24.06.2020 - Die KBV hat heute Klage gegen die drastische Absenkung der Vergütung für Corona-Tests beim Landessozialgericht Berlin-Brandenburg eingereicht. Die Festsetzung des neuen Preises durch den Erweiterten Bewertungsausschuss sei ohne entsprechende Kalkulationsgrundlagen erfolgt, weshalb der Beschluss rechtswidrig sei, heißt es zur Begründung.

Die KBV befürchtet, dass die Labore durch die kurzfristige Absenkung des Preises um 33 Prozent nicht mehr die flächendeckende Versorgung der Versicherten sicherstellen können. Dies würde zu einer konkreten Gefährdung der bislang erfolgreichen Maßnahmen zur Eindämmung der COVID-19 Pandemie führen.

„Derzeit besteht ein erhebliches öffentliches Interesse, die aufgebauten Laborkapazitäten für Corona-Tests aufrechtzuerhalten und nicht leichtfertig durch eine Absenkung Versorgungsengpässe in Kauf zu nehmen“, betont die KBV. Sie fordert deshalb, dass der Beschluss des Erweiterten Bewertungsausschusses (EBA) solange ausgesetzt wird, bis das Gericht über die Klage entschieden hat.
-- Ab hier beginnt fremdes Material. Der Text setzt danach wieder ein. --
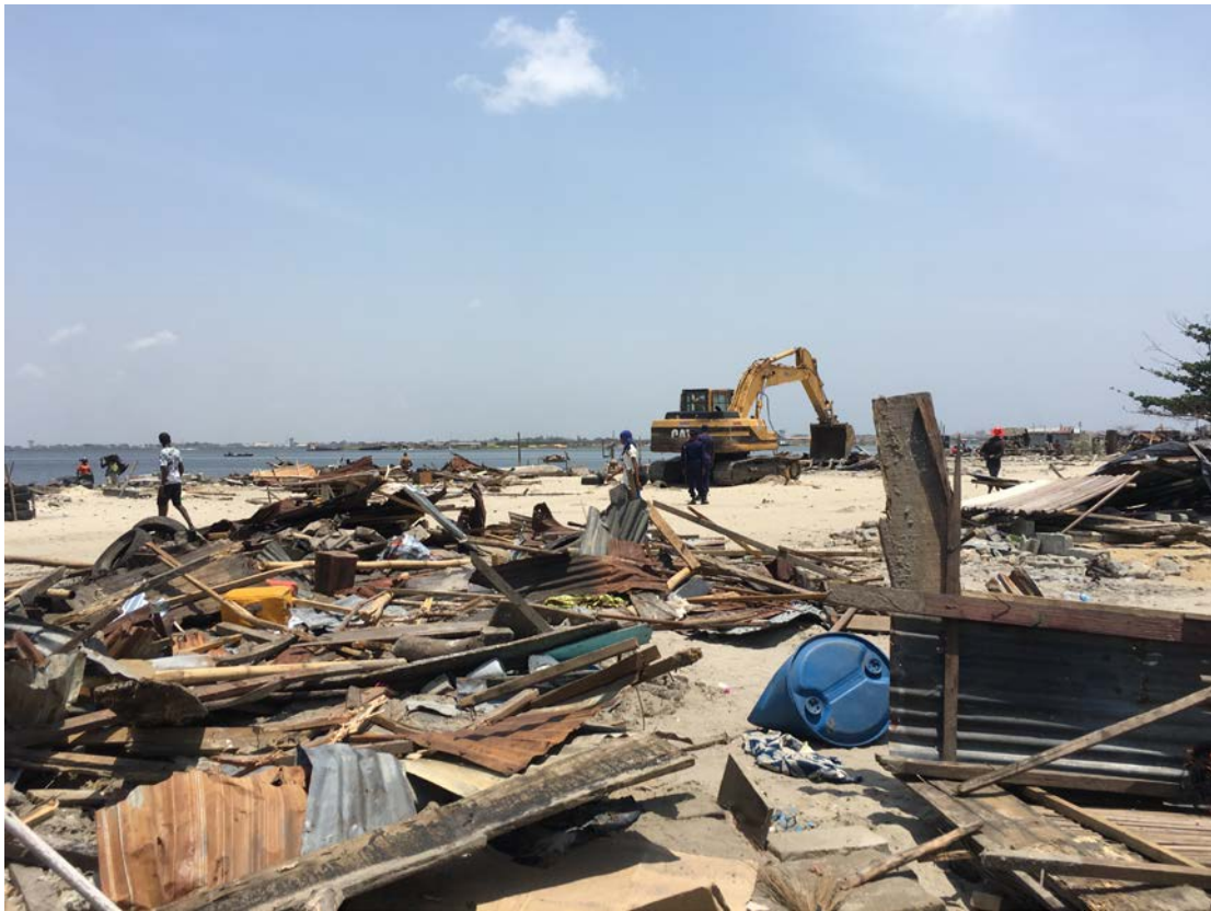
A bulldozer demolishing homes in Otodo-Gbame on 17 March 2017.

State Environmental Sanitation Enforcement Agency (Taskforce), army and other armed men, returned with a swamp buggy, to demolish more structures on the water. 93

Keine sachlichen Gründe für Abwertung des Tests

Der EBA hatte vor zwei Wochen gegen die Stimmen der KBV beschlossen, dass PCR-Tests zum Nachweis von SARS-CoV-2 ab 1. Juli nur noch mit 39,40 Euro anstatt wie bisher mit 59,00 Euro pro Test vergütet werden.

Die KBV wirft dem Ausschuss vor, den Preis willkürlich festgesetzt zu haben. Erst kurz zuvor habe das Bundesgesundheitsministerium in einer Rechtsverordnung den Preis unter Heranziehung entsprechender Datengrundlagen mit 50,50 Euro kalkuliert.

Nur zwei Tage später habe der EBA den Preis auf 39,40 Euro festgesetzt. „Für diese erhebliche Absenkung wurden keine konkreten Gründe beziehungsweise Kalkulationsergebnisse genannt“, kritisiert die KBV.

KBV-Vorstand: Abwertung ist absolut unangemessen

Mit der Abwertung können die Labore die Corona-Tests nicht mehr kostendeckend durchführen. „Diese Tests sind und bleiben kostenintensiv“, betonte KBV-Chef Dr. Andreas Gassen. Benötigt würden Infrastruktur, Raum, Geräte sowie vor allem entsprechend qualifizierte Mitarbeitende, die im Schichtsystem rund um die Uhr und am Wochenende im Einsatz seien, um die hohen Testkapazitäten der Labore zu gewährleisten.

„Die Absenkung der Vergütung des Tests um rund ein Drittel ist angesichts der Leistungen und des hohen Engagements der Mitarbeiter absolut unangemessen“, sagte der stellvertretende Vorstandsvorsitzende der KBV, Dr. Stephan Hofmeister. Die Labore hätten ihre Strukturen erweitert und seien in Vorleistung gegangen, um die steigende Zahl an Testungen zu bewältigen. Und jetzt wollten die Krankenkassen das nicht mehr bezahlen.

Antrag auf Anordnung der aufschiebenden Wirkung

Die KBV hat zusammen mit der Klage einen Antrag auf Wiederherstellung der aufschiebenden Wirkung der Klage eingereicht, um zu bewirken, dass der Beschluss zur Absenkung der Vergütung nicht zum 1. Juli in Kraft tritt.

Beschluss gegen die Stimmen der KBV

Zum Hintergrund: Die Vergütung für PCR-Tests zum Nachweis von SARS-CoV-2 soll zum 1. Juli von bislang 59,00 Euro auf 39,40 Euro pro Test abgesenkt und die Abrechnung der Untersuchung auf fünfmal im Behandlungsfall beschränkt werden.

Einen entsprechenden Beschluss hatte der Erweiterte Bewertungsausschuss am 10. Juni gegen die Stimmen der KBV gefasst. Der KBV-Vorstand hatte die Entscheidung scharf kritisiert.